Howard Augustine "Humpy" Wheeler (born October 23, 1938) is the former President and General Manager of Charlotte Motor Speedway, one of the premier auto racing venues owned by Bruton Smith's Speedway Motorsports, Inc.  Better known as H.A. or "Humpy" Wheeler, he has long been known as one of the foremost promoters of NASCAR auto racing.

Nickname
During an appearance on the National Public Radio quiz show Wait Wait... Don't Tell Me! in July 2006, Wheeler explained the origin of his nickname. He said that when his father had played football at the University of Illinois, he was caught once smoking Camel cigarettes, earning the name "Humpy" for the camel's hump. His father's friends then began calling him "Humpy Jr."  Growing up through high school, college football, and then racing, the name "Humpy" has stuck with him.

Early life
Wheeler was born in Belmont, North Carolina. He began his promotional career at age nine, selling tickets for a bicycle race. He was a defensive lineman for the South Carolina Gamecocks in the late 1950s. His teammates included future NASCAR communications director Jim Hunter (a running back), and Jim Duncan (later known as a marketing executive at Lowe's Motor Speedway). Wheeler was also an amateur race car driver during his early years.

Promotions
After becoming the president of Charlotte Motor Speedway, Wheeler earned the reputation for organizing publicity stunts.  A few weeks after driver Cale Yarborough gave the less-than-complimentary nickname 'Jaws' to rival driver Darrell Waltrip, Wheeler bought a giant dead shark, placed a dead chicken in the shark's mouth, and had it driven around the track on a flatbed truck before a race at Charlotte (Yarborough's sponsor at the time was Holly Farms Poultry).  In 1984, the pre-race show for the World 600 was a reenactment of Operation Urgent Fury, the invasion of Grenada the previous year.

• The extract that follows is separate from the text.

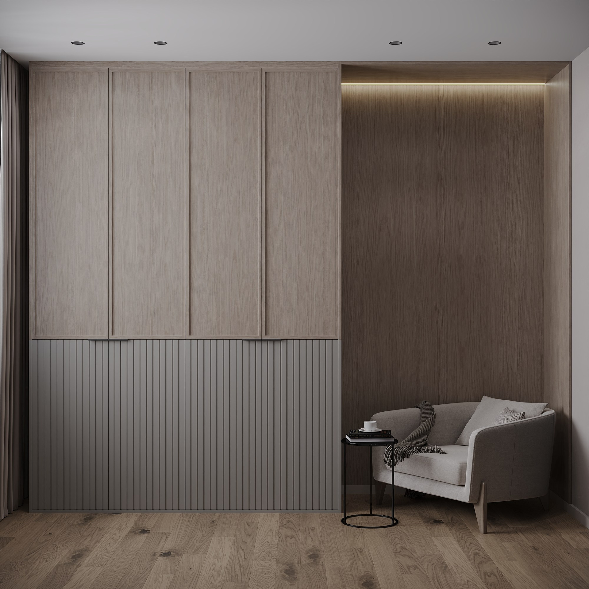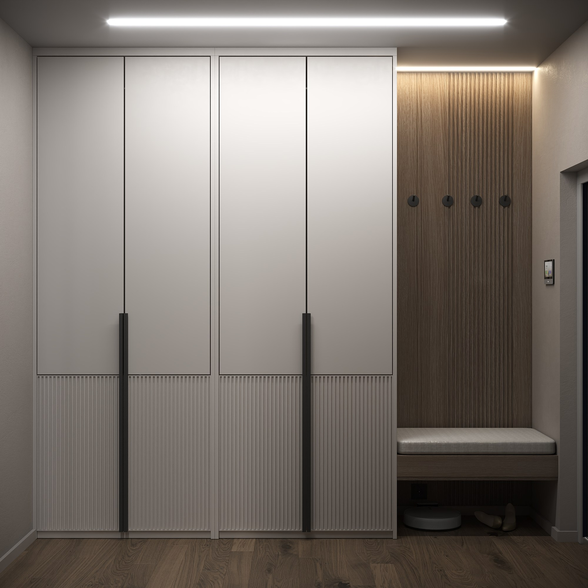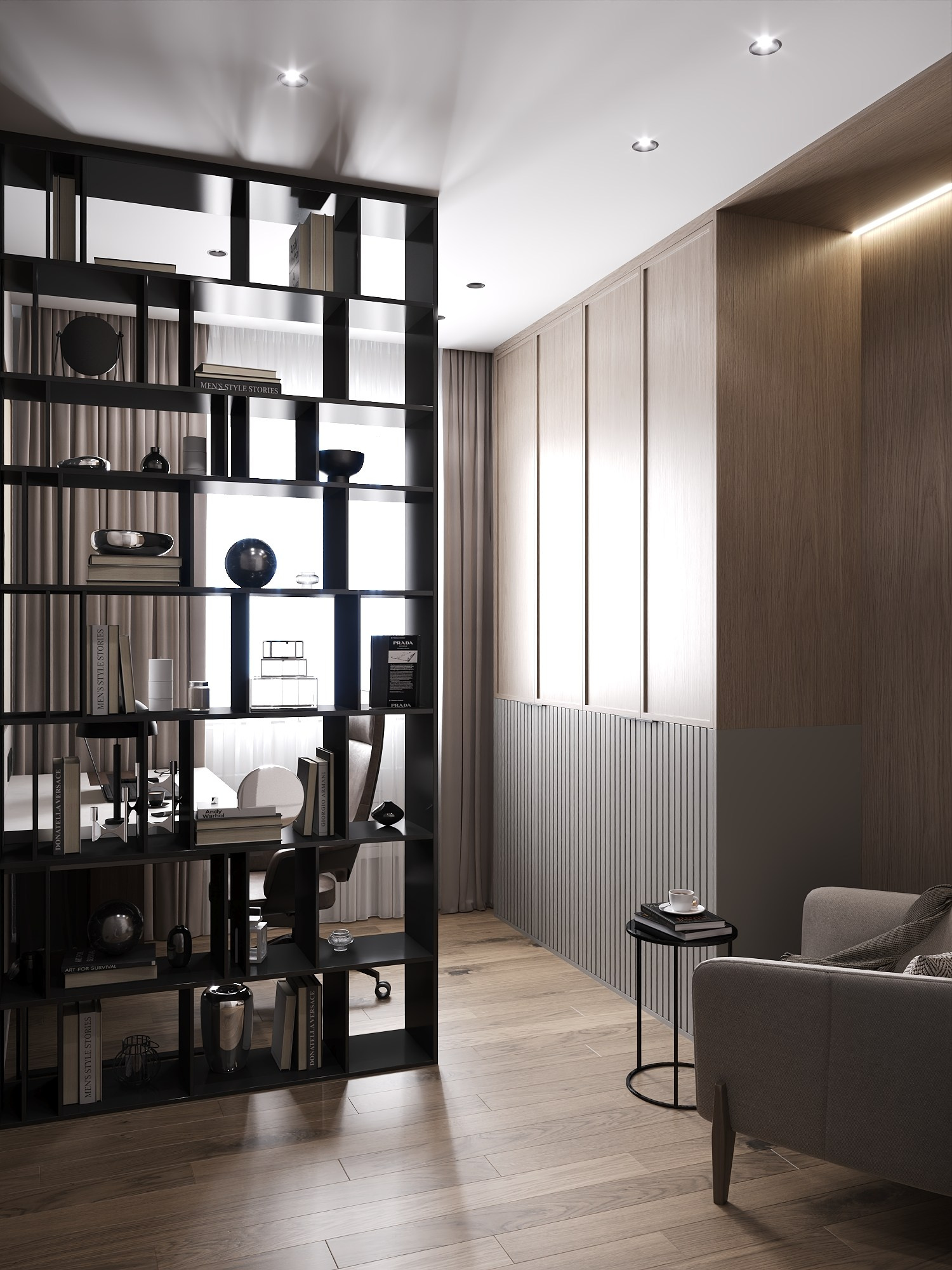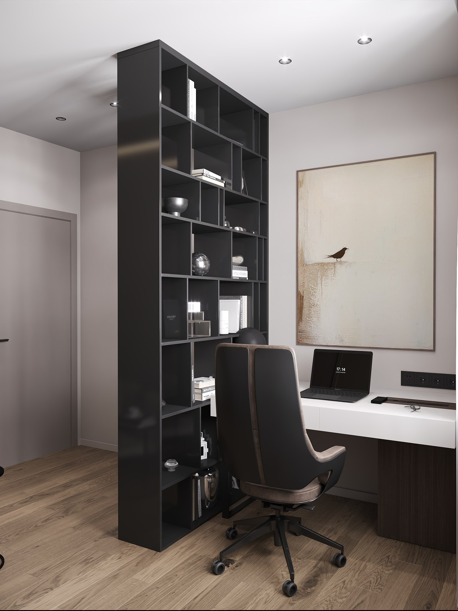 Разработана планировка с четким функциональным зонированием: оборудован отдельный кабинет с эргономичной рабочей станцией и шкафами для хранения спортивной экипировки.

In 2007, Wheeler announced that the Bank of America 500 would feature an "all-you-can-eat grandstand," where fans would pay a set ticket price, and would then get to eat as much as they wanted of the grandstand's food before, during, and after the race.  The publicity for this event included Nathan's Hot Dog Eating Contest champion Joey Chestnut at the press conference.

Retirement
The Coca-Cola 600 held on May 25, 2008 was to be Wheeler's last race as President of the Lowe's Motor Speedway.  Steve Byrnes of FOX Sports and Speed TV honored Wheeler before the race and Wheeler in turn gave a speech thanking race fans from all over the United States in addition to people from foreign countries for coming to the race: "I owe a tremendous gratitude to you for buying tickets to our facility. If we meet again may you be in the palm of God."

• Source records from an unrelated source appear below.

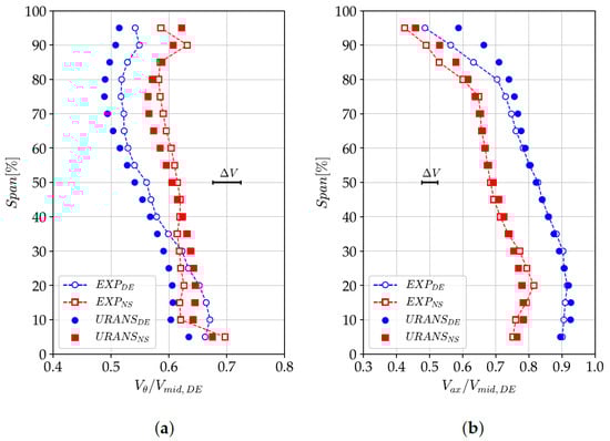 Figure 17, Figure 18 and Figure 19 present the numerical and experimental span-wise distributions of total pressure, total temperature, velocity components, and flow angles at the rotor outlet. The latter was computed within the absolute and relative frame of reference. Moreover, the velocity was decomposed into tangential () and axial () components, and normalized relative to the experimental absolute velocity measured at mid-span at the DE condition (. The highest uncertainty, computed within the 95% confidence interval across the span, is also reported.
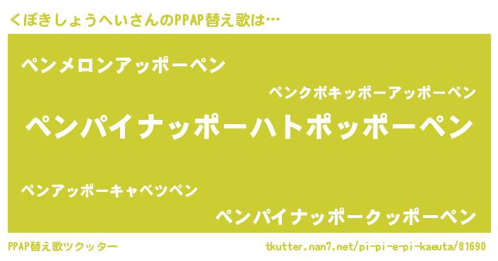 くぼきしょうへいさんのPPAP替え歌は… 『ペンパイナッポーハトポッポーペン』『ペンメロンアッポーペン』『ペンパイナッポークッポーペン』 ツクッター #PPAP替え歌ツクッター http://tkutter.nan7.net/pi-pi-e-pi-kaeuta/81690/
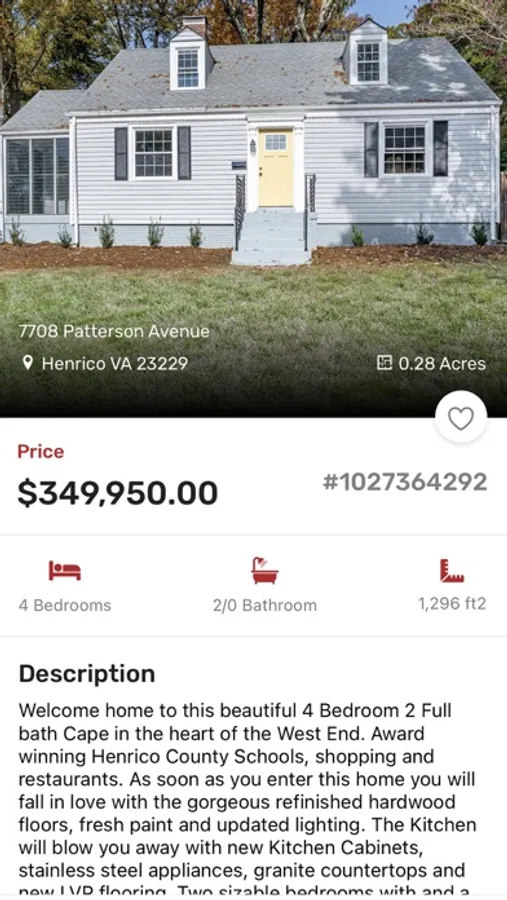 Encuentre listados de bienes raíces en Virginia Central en versiones en español e inglés. ¡Conéctese con su agente a través de la aplicación para chatear, programar visitas y encontrar la casa de sus sueños!
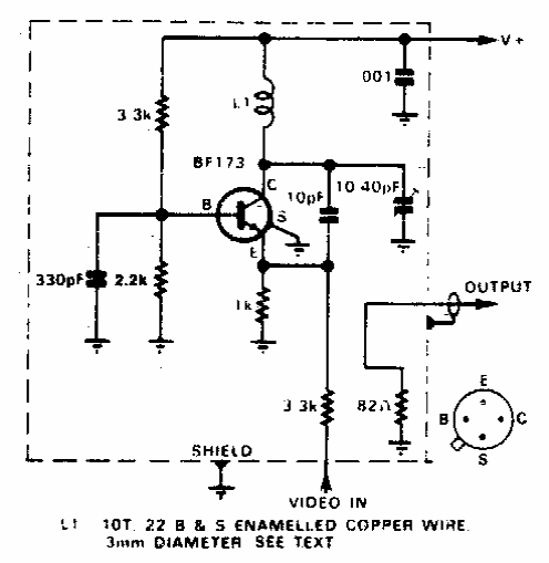 This circuit for analog video signals was found in old American documentation. The transistor supports a modern RF equivalent depending on the generated signal frequency.

Although he had announced that he would step down as President and General Manager of Lowe's Motor Speedway soon after the race, Wheeler had hopes of staying on as a part-time consultant especially in light of the upcoming 50th anniversary of the Speedway in 2009.  However, apparently due to a falling out with Bruton Smith for reasons yet unknown, Wheeler's lengthy association with Lowe's Motor Speedway was unceremoniously ended.  Smith thereafter wasted no time in appointing his son, Marcus Smith, as the new President and General Manager of the Speedway. 
 
During an interview on Speed TV's "Wind Tunnel" on June 1, 2008, Wheeler stated that in addition to working as a part-time consultant, one of his primary projects during retirement will be working on a book devoted to his recollections of the numerous personalities he has known over his many years as a racing promoter at Lowe's Motor Speedway and prior to that during his years in Indianapolis and at the Bonneville Salt Flats in Utah.

Recently, in an off-track but still automotive related pursuit, Wheeler provided the voice for "Tex," a 1975 Cadillac Coupe de Ville cartoon character, in the 2006 Pixar hit film Cars and its 2017 sequel Cars 3.

On August 18, 2008, Wheeler announced the formation of The Wheeler Company, a consulting management firm focusing on general business, professional sports, and motorsports. Wheeler serves as chairman, with his son Howard III ("Trip") serving as president.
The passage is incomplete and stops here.